The FSB and its fellow security agencies are essentially political agencies, taking their cue from the Kremlin’s priorities – which is regime survival above all. Their focus, then, has been on suppressing any domestic political opposition and snuffing out civil society.
So, it is perhaps not surprising that the risk posed by Islamic terrorist groups such as IS–K may not have been front of mind for the FSB and Russia’s other security agencies, especially when coupled with a much sharper focus on Ukraine since Russia’s full-scale invasion in February 2022 and the ongoing war there, occasionally spilling over into Russia itself.
In the current hostile international climate, it is also sadly unsurprising the Russian authorities were dismissive of recent American warnings about the risk of imminent terrorist action in Moscow. Indeed, inveterate suspicion and double-think evidently persuaded the Kremlin to assume such Western warnings were designed to cause uncertainty and panic among Russians.

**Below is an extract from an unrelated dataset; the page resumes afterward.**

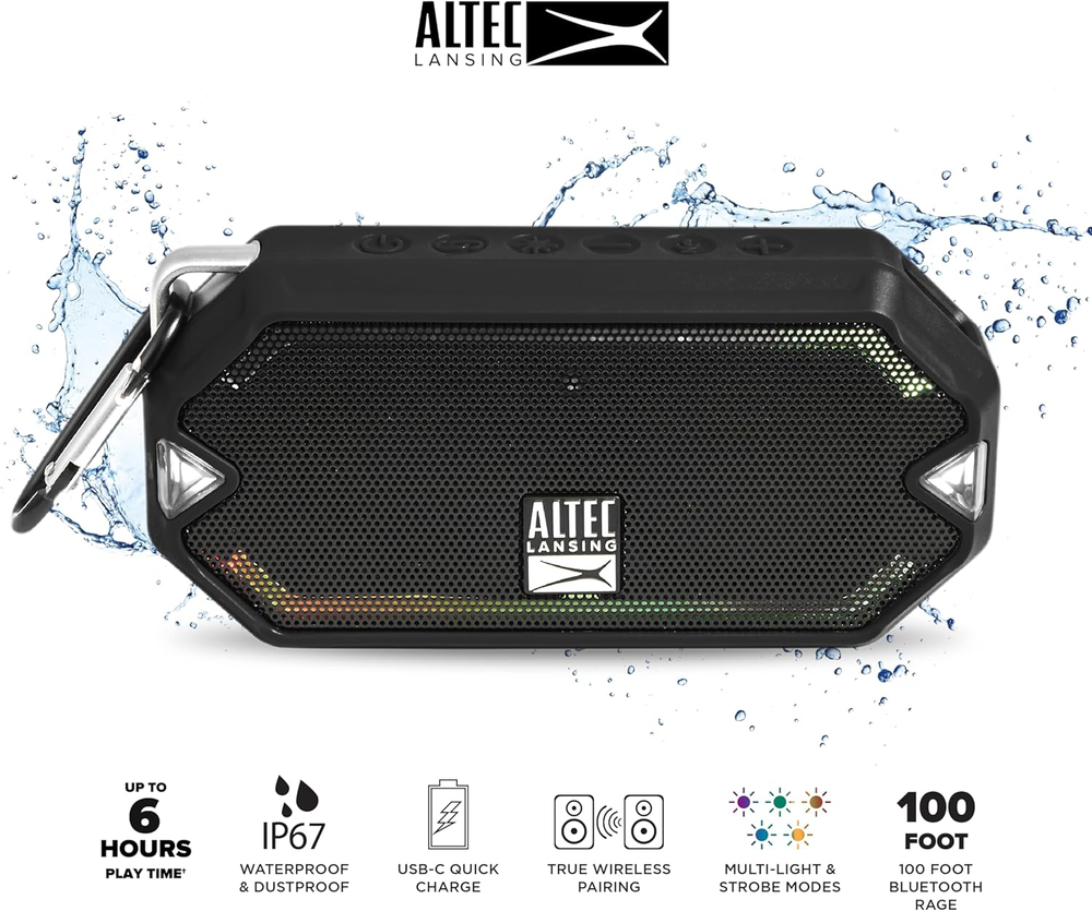Small Form, Big Sound: This everything proof speaker is compact, lightweight, and easy to carry yet delivers deep and loud audio so you can listen to music the right way making it ideal for camping, backyard parties, beach trips, and any other occasion Light Up The Party: The outdoor Bluetooth speakers feature built-in LED lights with 5 LED light modes that beat, strobe, and pulse to the music making them the ideal choice for adding more excitement and fun to any party or event effortlessly For All Your Adventures: Our portable Bluetooth speaker is waterproof, snowproof, dirtproof and more so you can safely take it with you on all your outdoor trips and travels to enjoy listening to the tracks you love anytime and anywhere you want Don’t Let The Music Stop: The portable wireless speaker delivers up to 6 hours of playtime while being compact enough to easily fit in your pocket and features a carabineer clip that lets you clip the Bluetooth speaker to your briefcase, luggage, belt, backpack, etc. IP67 Everything Proof: Whether it’s water, snow, or dirt, our waterproof Bluetooth speakers for outdoors have you covered. They are IP67 Everything Proof and maintain a stable connection with any Bluetooth device for simple and convenient use Waterproof, Snowproof, Dustproof, Shockproof – The Right Speaker For Your Adventurous Spirit! Altec Lansing HydraMini Bluetooth speaker is designed with women and men in mind that want to enjoy their time in the outdoors while listening to their favorite songs. It’s compact, lightweight, and sturdy to stick with you in any environment or weather without any hassles. Compact, Portable & Ready For Travel Whether you’re playing songs at home or in the outdoors, our outdoor Bluetooth speaker has you covered. Thanks to the compact design coupled with the sturdy build it makes the perfect companion for all your adventures and can be attached to your belt or backpack with ease. Long Battery Playtime & Wide Compatibility Our waterproof speaker for outdoors delivers deep and clear sound by pairing up seamlessly with almost any device that supports Bluetooth to stream music directly from it. The Bluetooth speaker with lights offers up to 6 hours of playtime making it ideal for road trips and parties. Features You’ll Love: - Uses a USB-C charging port so you can quickly recharge it - Can be paired with another Altec Lansing HydraMini to boost sound - It’s small enough to fit inside your pocket with ease - Can be used anywhere without worrying about the elements - Offers 5 LED light modes to match the vibe of your party Keep The Music Going & Have Fun With Altec Lansing HydraMini Bluetooth Wireless Speaker!

To reassure Russians that it can safeguard their security, the Kremlin will now want to demonstrate it is being tough. Any clampdown will inevitably bear down heavily on Russia’s large population of Central Asian migrant workers. This group is already marginalised and suffers significant discrimination, likely now to intensify. The flaunting of the maltreatment of the suspected Crocus City Hall attackers while in police custody may shock foreign observers, but Moscow knows that such displays of robustness play well with its core Russian constituency.
Don’t expect any slackening of the security apparatus’ focus on ensuring regime survival. In Putin’s Russia, this political imperative will remain ineluctably the major priority for the FSB and other agencies. But the terrorist attack reminds the Kremlin, and its security apparatchiks, that ensuring regime security doesn’t depend just on neutralising domestic opponents, suppressing political dissent and extinguishing civil society. The focus needs to be wider.
Russians don’t expect much from their leaders, but they do expect them to be strong and effective at countering threats to public safety, such as terrorism. Regime survival and ensuring public security are, therefore, inextricably connected.